Radiography professionals across England are preparing to take strike action for a second time, after talks between government ministers and the Society of Radiographers broke down, owing to the government's unwillingness to alter its position.
The Society will take strike action for 24 hours, from 8am on Tuesday 3 October to 8am on Wednesday 4 October, alongside junior doctors and consultants.
Thousands of our members voted in favour of strike action earlier this summer, and participated in a 48-hour strike from 25 to 27 July. Our radiography professionals are responsible for a range of critical healthcare services, including carrying out X-rays, MRI and CT scans, ultrasounds and breast screening, as well as radiotherapy for cancer patients.
Following the strikes in July, we were invited to discussions with Government ministers on 5 September.
Dean Rogers, SoR director of industrial strategy, said: “The government’s plans to open new community diagnostic centres and to cut cancer waiting lists all rely on having a strong radiography workforce – which means recruiting and retaining more radiographers.
“In addition to asking for a pay increase, we proposed offering either golden handshakes for new radiographers or a reduced working week for the entire profession – both aimed at improving working conditions for the profession.
“But ministers rejected our proposals outright, refusing even to discuss ways to make the profession more attractive to its current workforce or to new recruits. Nothing in the discussion gave us confidence that the government would be willing to move from its current position.
“We didn’t want to find ourselves back here again. But, with regret, we feel we have no choice but to take further strike action.”
Nine out of 10 patients in the NHS are supported by a radiography professional. But too few are being recruited or retained right now. As a result, a million patients are currently waiting to be seen by a radiographer – often delaying vital diagnosis and treatment for months.

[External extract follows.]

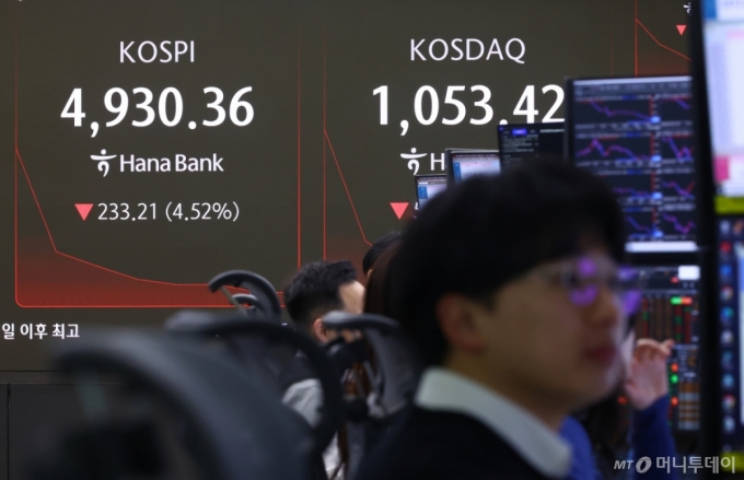 6일 오전 9시25분 현재 코스피는 전날 대비 226.33포인트(4.38%) 내린 4937.25를 나타내고 있다. 이날 하락 출발한 코스피는 장 중 낙폭을 벌리고 있다.

Mr Rogers said: “Taking strike action is never an easy decision. This is especially true for radiography professionals, who dedicate themselves to providing the best possible care for patients – despite working long hours for pay that has been falling behind average wages for years.
“The average weekly earnings for our members have only increased by 23 per cent since 2008 – compared with an average weekly increase of 55 per cent.
“Many radiography professionals are feeling burnt out by low pay and increased hours. They’re leaving the NHS, and they are not being replaced in adequate numbers.
“The government agreed to support a 6.5 per cent pay increase for other public-sector workers. This only highlights how inadequate and unfair the NHS 5 per cent deal is.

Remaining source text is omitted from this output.